Graphene Induced Colossal Magnetoresistance and Critical Behavior in Phase Segregated Iron Oxide

Interfacial magnetic and electronic properties in two-dimensional systems placed in proximity with magnetic substrates have been shown to exhibit exotic interfacial phenomena (Nanoscale 5, 1902-1909 (2013)). Further, bi-phase iron oxide (BPIO) consisting of a majority phase Fe₃O₄ and minority phase α-Fe₂O₃ has been shown to be a unique platform for observing the coexistence of competing magnetic phases.

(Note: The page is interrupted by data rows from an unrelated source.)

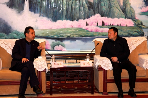 眉山市委常委宣迅(右)會見王仁毛董事長。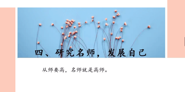 要想有自己的教学风格并且有一定的发展,要先模仿和研究名师的课堂。杨雪老师举出自己学习名师窦桂梅课堂的例子,希望小教的同学们先继承名师的教学方法,在研究和总结自己的实际情况的基础上进行创新与发展。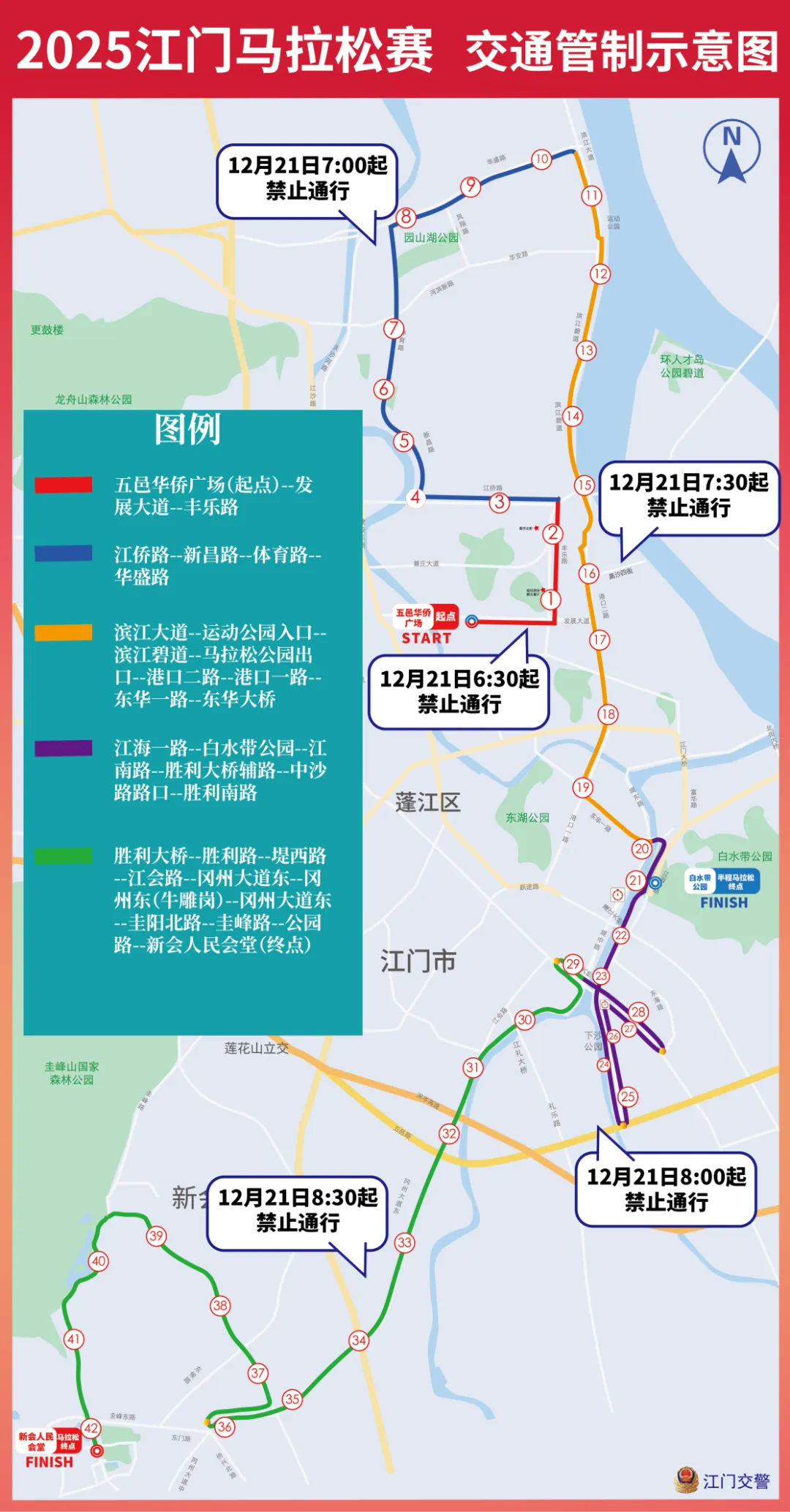 2025江门马拉松赛定于12月21日(星期日)7时30分在江门蓬江区、江海区、新会区举行。比赛起点设在五邑华侨广场,半程马拉松终点设在江海一路(白水带体育公园)、全程马拉松终点设在新会人民会堂。为保障赛事安全、顺利进行,根据《中华人民共和国道路交通安全法》有关规定,赛事周期将对部分道路分时、分段采取交通管制措施。现将有关事项通告如下:

Here, the change in the bulk magnetic and electronic properties of 100 nm thick BPIO due to the inclusion of monolayer graphene (Gr) is explored. Magnetometry measurements indicate strong antiferromagnetic (AFM) coupling between BPIO and Gr as compared to bare BPIO via a 50% reduction in saturation magnetization. Further, magnetoresistance (MR) measurements were performed on both BPIO/Gr/Pt and BPIO/Pt. While BPIO/Pt shows negative MR throughout the temperature range, BPIO/Gr/Pt exhibits a change in the sign of MR from positive to negative below T_p = 240 K. Furthermore, unlike BPIO/Pt, BPIO/Gr/Pt shows a peak in the temperature dependent resistivity measurement which coincides with changes in the sign of MR. These results can be understood via a percolation model and competing localization and delocalization of carriers, induced by strong AFM coupling in Gr and the phase segregated nature of BPIO.